Incompetence, Inc.

Everything About Fiction You Never Wanted to Know.
Hey, I work for Kruger Industrial Smoothing: "We don't care, and it shows."
George Costanza, Seinfeld

Many people have jobs, because they like having money to pay bills and such. Some companies offering those jobs are fun, others aren't.

And then there are some companies where unless you have an economics degree from an Ivy League university, you have absolutely no idea how the company stays in business, thanks to the staggering, mind-numbing degree of incompetence in the company. And in some really extreme cases, even with such a degree you're baffled.

In the real world, there are sometimes mitigating circumstances that would otherwise allow an apparently incompetent business to stay active, ranging from serving as tax write-offs for larger companies, to holding monopolies on a specific resource, and beyond, but most stories don't get anywhere near that detailed in their observations of Real Life issues like those, for the companies they depict.

May be controlled or managed by pointy haired bosses, be staffed mostly with bogglingly stupid employees, have installations with tons of safety violations, saddled with ludicrous rules and regulations that make no sense outside of some bureaucratic hell, or some combination of the above.

Quite a bit of Truth in Television, but no such examples here, please. Compare to Murder, Inc., Law Enforcement, Inc., Evil, Inc., and the eponymous organization of Monsters, Inc.

No real life examples, please; there are so many businesses that have failed because of poor management that this is too common to trope.

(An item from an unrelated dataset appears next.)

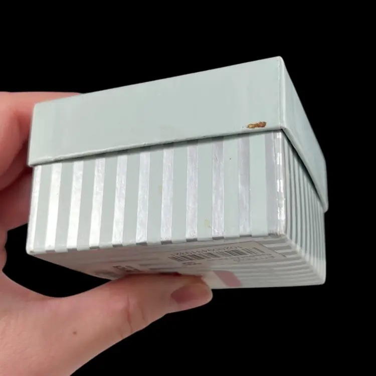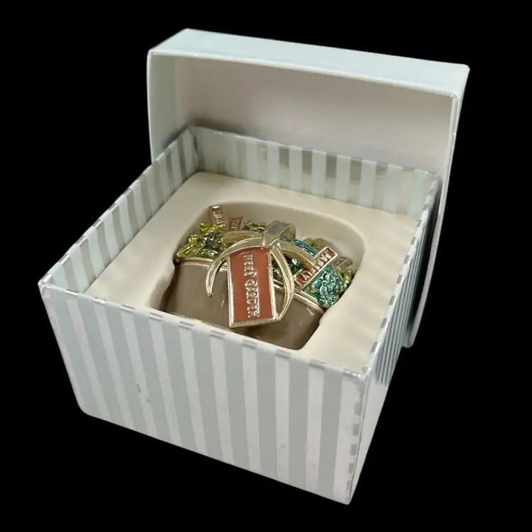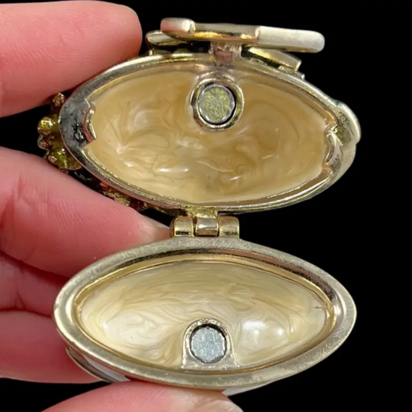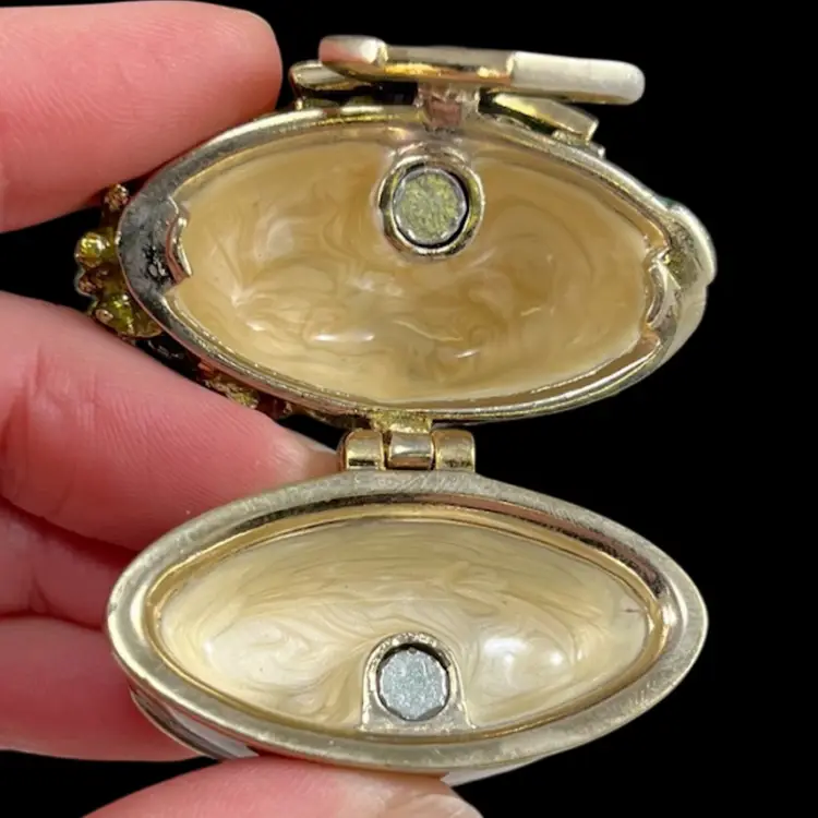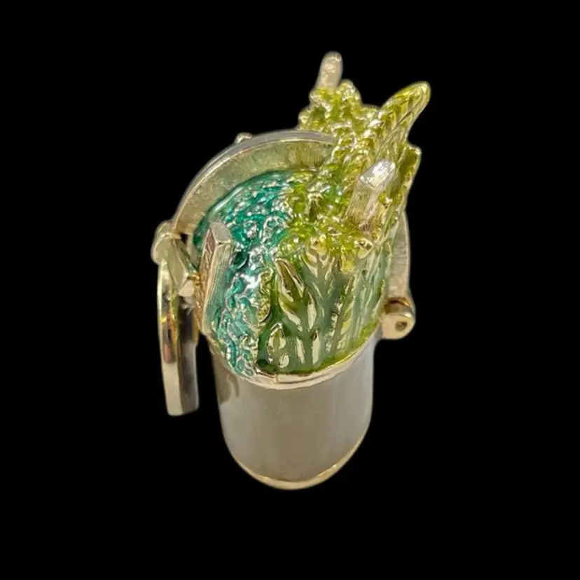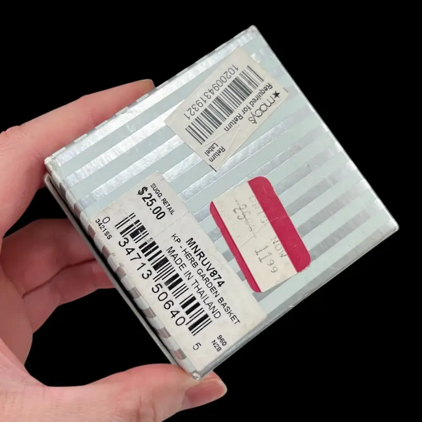 Herb garden is approximately 1.75” x 1” x 1.75”. Box is approximately 3” square and 1.75” deep. Good vintage condition. Some slight flaking to edges of magnet clasp. Hinge is slightly loose, but appears to be made that way. Box had original vintage tags and has wear.

Examples of Incompetence, Inc. include:


Film

Literature

  • In The Hitchhiker's Guide to the Galaxy, the Sirius Cybernetics Corporation is every single trait of one of these turned Up to Eleven. Their complaints department occupies all the major landmasses of three planets. Megadodo Publishing, publisher of the eponymous Guide, isn't a lot better.
  • The Manuscriptorium in Septimus Heap progressively becomes this after Beetle's dismissal.

Live-Action TV

  • The Dunder Mifflin Paper Company in the American version of The Office is kept from failing mostly through the competence of Jim and Dwight, and that people stop fooling around each time the branch's incompetence comes under scrutiny (the ones who can't shape up usually get fired).
  • Grace Brothers in Are You Being Served.
  • Winfred-Louder in The Drew Carey Show. When a Dutch corporation buys them out, the new bosses tell Drew that they are amazed that the company managed to stay in business, since Drew appeared to be the only competent employee.
    • From the same show, Drug Co, the company Lewis works for. While they're apparently a pharmaceutical company, it's apparently run by mad scientists, with such experiments as combining a monkey and a hippo (a "monkapotamus"), and experimental breasts implants for men. As a janitor, Lewis has to clean up a lot of these messes, and it's implied all of it has really messed with his head.
  • The Bluth Company on Arrested Development stayed in business despite the fact they appeared to have exactly one competent employee. Gross amounts of money were "borrowed" by the Bluth family for personal purposes, yet it survived until the end of the series despite it constantly being publicly known for its incompetence and corruption.
  • Kruger Industrial Smoothing in Seinfeld, where Costanza applied for a job because of the fact that it had "no management whatsoever" and that it "couldn't smooth a silk sheet on a hot date" hoping to get a cushy job. He got the job but eventually even he got tired of the company's inability to get any work done and quit.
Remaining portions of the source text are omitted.